1

I'm working with a string column which is 38 characters long and is actually numerical.

for e.g. id = '678868938393937838947477478778877.....' ( 38 characters long).

How do I cast it into a long integer ? I have tried cast function with IntegerType, LongType and DoubleType and when i try to show the column it yields Nulls.

The reason I want to do this is because I need to do some inner joins using this column and doing it as String is giving me Java Heap Space Errors.
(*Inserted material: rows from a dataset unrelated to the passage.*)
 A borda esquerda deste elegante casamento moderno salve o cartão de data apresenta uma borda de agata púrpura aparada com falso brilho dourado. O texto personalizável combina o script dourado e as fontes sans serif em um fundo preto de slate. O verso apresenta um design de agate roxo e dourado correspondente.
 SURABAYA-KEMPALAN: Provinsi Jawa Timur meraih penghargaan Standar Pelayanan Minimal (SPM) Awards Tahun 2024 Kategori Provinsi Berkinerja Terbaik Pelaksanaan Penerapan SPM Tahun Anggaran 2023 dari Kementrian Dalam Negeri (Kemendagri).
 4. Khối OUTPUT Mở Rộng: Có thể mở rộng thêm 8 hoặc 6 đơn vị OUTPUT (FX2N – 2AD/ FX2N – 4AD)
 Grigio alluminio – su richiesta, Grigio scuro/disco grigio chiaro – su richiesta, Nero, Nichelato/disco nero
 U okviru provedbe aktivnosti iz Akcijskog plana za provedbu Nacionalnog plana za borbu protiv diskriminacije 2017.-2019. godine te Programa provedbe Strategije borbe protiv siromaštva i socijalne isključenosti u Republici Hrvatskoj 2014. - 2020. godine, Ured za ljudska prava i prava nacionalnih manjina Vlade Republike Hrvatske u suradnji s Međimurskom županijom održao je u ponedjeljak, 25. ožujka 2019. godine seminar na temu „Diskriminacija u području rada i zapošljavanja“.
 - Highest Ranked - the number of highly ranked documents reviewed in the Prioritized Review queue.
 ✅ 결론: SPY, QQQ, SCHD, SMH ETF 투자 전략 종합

Any suggestions on how to cast it as a Long Integer ? { This question tries to cast a string into a Long Integer }

ML_Passion
  • 1,031
  • 3
  • 15
  • 33

1 Answers1

3

Long story short you simply don't. Spark DataFrame is a JVM object which uses following types mapping:

  • IntegerType -> Integer with MAX_VALUE equal 2 ** 31 - 1
  • LongType -> Long with MaxValue equal 2 ** 63 - 1

You could try to use DecimalType with maximum allowed precission (38).

df = sc.parallelize([("9" * 38, "9" * 39)]).toDF(["x", "y"])
df.select(col("x").cast("decimal(38, 0)")).show(1, False)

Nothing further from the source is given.